Winter Study can be a time for students to reach beyond their comfort zones. One unique Winter Study opportunity is the Independent Study 99 courses. Available to sophomores, juniors and seniors, the independent study program provides the chance for students to design and pursue personalized projects that challenge and reward the students who create and execute them.
Geosciences major Jordan Fields ’17 decided to do his 99 project in the areas of anthropology and economics. A Vermont native, Fields wanted to understand the unique culture surrounding Heady Topper, an American Double India Pale Ale brewed by The Alchemist Brewery in Waterbury, Vt.
“Heady Topper has been ranked as one of the best beers in the world by regular consumers instead of experts,” Fields said. “People would line up outside of the brewery as early as 5:00 a.m. just to buy this drink since it’s produced in limited quantities and only distributed within a 25-mile radius of the brewery. As a Vermonter myself, I wanted to know why this brewery hasn’t expanded its productions nationwide despite its fame.”
Even though Fields said that his project wasn’t too academically rigorous, he believes that he brought new ideas to the fields of anthropology and economics.
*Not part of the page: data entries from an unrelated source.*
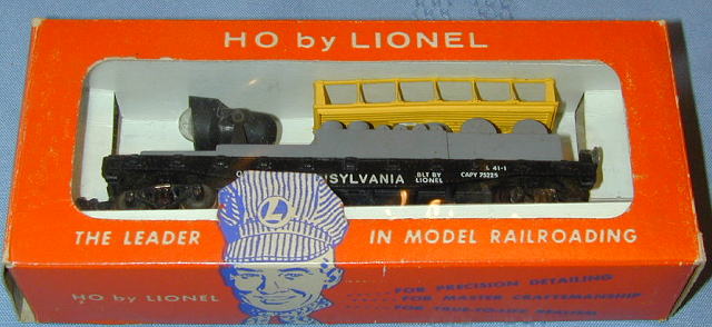Lionel HO 0880 Lighted Maintanence Car in Excellent Condition in Original Box (8 - reproduction insert). The car yellow railing has a slight warp on photo side. Price: $80
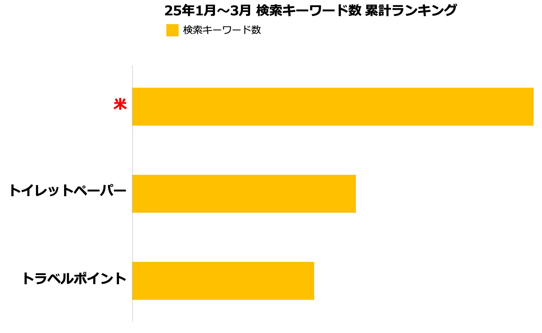さらに、2025年1月~3月の検索キーワード累計ランキングでは「米」が1位に。
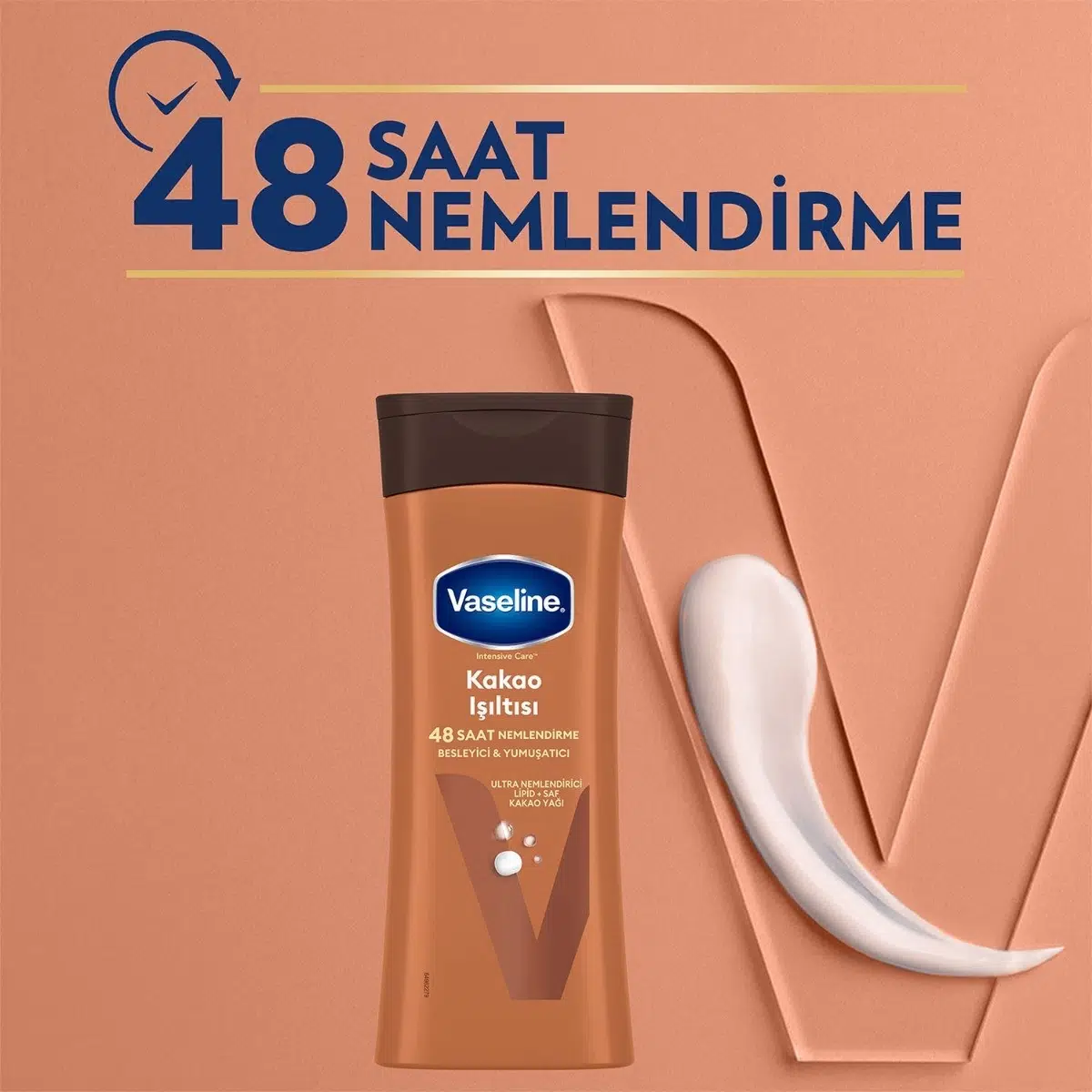 Vaseline Kakao Işıltısı Vücut Losyonu ile tanışmaya hazır mısınız? Adıyla bütünleşmiş bu muhteşem losyon, Ultra Nemlendirici Lipid içeren formülü ile cildinizi 48 boyunca nemlendirirken, saf kakao yağı ile cildinizi besler ve ipeksi bir yumuşaklık sağlar. Seramidler, cildin doğal yapısında bulunan nem koruyucu ve bariyer güçlendirici bileşenlerdir. Kakao Işıltısı Vücut Losyonu, Ultra Nemlendirici Lipid içeren formülü ile ciltteki doğal seramid yapısını içeriden* destekler ve nemlendirerek onarılmasına yardımcı olur. Vaseline Kakao Işıltısı Vücut Losyonu %90’a kadar** daha fazla nem sağlarken cildinizi nemlendirerek onarır. Vaseline Kakao Işıltısı Vücut Losyonu, uygulandığı bölgede hemen emilerek yağlı ve yapışkan bir his bırakmaz. Kullandığınız andan itibaren cildinizi nemlendirir, böylece cildiniz her zaman bakımlı, yumuşak ve ışıl ışıl kalır. Düzenli kullanımda cildinizin daha esnek ve parlak olmasına yardımcı olur. Güzellik ve bakım rutininizin vazgeçilmez bir parçası haline gelecek olan Vaseline Kakao Işıltısı Vücut Losyonu, cildinizin ihtiyaç duyduğu bakımı sağlayarak ona hak ettiği özeni gösterir. • Cildinizi 48 saat boyunca nemlendirir. • Ultra Nemlendirici Lipid içeren formülü ile ciltteki dogal seramid yapısını içeriden* destekler ve nemlendirerek onarılmasına yardımcı olur. • Saf kakao yağı içeren özel formülü cildinizi besler. • Yapışkan ve yağlı his bırakmayan hafif formülü sayesinde cildiniz tarafından anında emilir. • Dermatolojik olarak test edilmiştir. * Stratum Corneum ** Uygulamadan 8 saat sonra, uygulanmamıs cilde kıyasla İçindekiler: Aqua, Petrolatum, Glycerin, Stearic Acid, Isopropyl Palmitate, Glycol Stearate, Dimethicone, Triethanolamine, Glyceryl Stearate, Theobroma Cacao (Cocoa) Seed Butter, Butyrospermum Parkii (Shea) Butter, Cetyl Alcohol, Phenoxyethanol, Methylparaben, Parfum, Magnesium Aluminum Silicate, Carbomer, Propylparaben, Disodium EDTA, Stearamide AMP, Caramel, Maltodextrin, Benzyl Alcohol, Citronellol, Coumarin, Geraniol, Hexyl Cinnamal, Hydroxycitronellal, Linalool.

“I learned that the people of Waterbury really believed in supporting their community. They believed in helping small businesses, like The Alchemist.”
Moreover, Fields attributes his 99 experience to helping him write his thesis and apply for a postgraduate fellowship.
Danielle Grier ’18, an economics major, wanted to expand her interests in international development and traveling with her 99 project.
“[Rehaan Vij ’18]told me about Parivaar, which is a residential educational institution located in India for impoverished, homeless and/or parentless children. He showed me a video that he had made about the institute after staying there for two weeks during high school and told me that he wanted to go back.”
Grier and Vij drafted a 99 proposal with the goal of immersing themselves in a completely different culture and situation to make them critically examine their beliefs and understandings.
Their project was funded by the Gaudino Fellowship, which is awarded to two to four students at the College during Winter Study for collaborative projects focused on “direct encounter with otherness and self-reflection.”
In order to achieve these goals, Grier said that she and Vij spent 10 days at Parivaar, where they completed a 10-day Vipassana meditation course, including complete silence of the mind and body, 11 hours of daily meditation and guided teachings of the Vipassana and ended the trip by attending an upper-middle-class wedding
“Though it may sound cliché, the biggest takeaway was how similar we all are regardless of race, language, culture et cetera. I formed meaningful friendships with the Parivaar children despite our language barrier and different backgrounds because, in the end, we are all people who have fears, hopes and dreams.”
As for history major Ben Williams ’18, his 99 was the initial component of a larger project. “As a child, I spent a third of each year in Burma [Myanmar] because of my parents’ work dealing with ethnic resistance groups,” Williams said.
This influenced Williams to start a project that would transcribe the oral history of the Kachin Independence Organization (KIO), a political organization of the Kachin ethnic group.
“Most of the academic work surrounding my project is done by anthropologists, but they don’t publish their entire interview transcripts or acknowledge their primary resources. My goal was to put together the oral history of the KIO in English and allow others to study this organization from the perspective of people directly and indirectly involved,” Williams said.
Before creating his 99 proposal, it was difficult for Williams to pursue this initiative because the Kachin State was located in a war zone and no academic institution sponsored a project there.
Instead, Williams worked as a teacher at a Myanma charity school and eventually got in contact with ethnic resistance and armed organizations scholars living in Myanmar. While still teaching, Williams decided to defer his spring semester at the College and remain in Myanmar to pursue his project.
By the end of his time overseas, Williams had accomplished a lot.
“I was able to compile 810 pages of primary resources on the KIO, which I am trying to get published this year,” he said. “I consider this work valuable not because of its contribution to knowledge, but because of its help to people in need. I hope to give a voice to people who are voiceless.”
When reflecting back on their 99 projects, all three of these students gave a common response: They were pushed out of their comfort zones.
“Some students are afraid of doing a 99 because of a bad grade or a difficult professor, but doing one provides better academic opportunities,” Fields said.
Grier put this sentiment aptly when she advised, “Doing something that scares you is often the most rewarding.”
Ben Williams offered this honest advice: “Fear of the real world or being lonely ar de some of the things holding people back from studying overseas. First of all, be smart because some of those things are probably true. Secondly, just as Shakespeare said, ‘Assume a virtue, if you have it not’ because courage brings itself rewards.”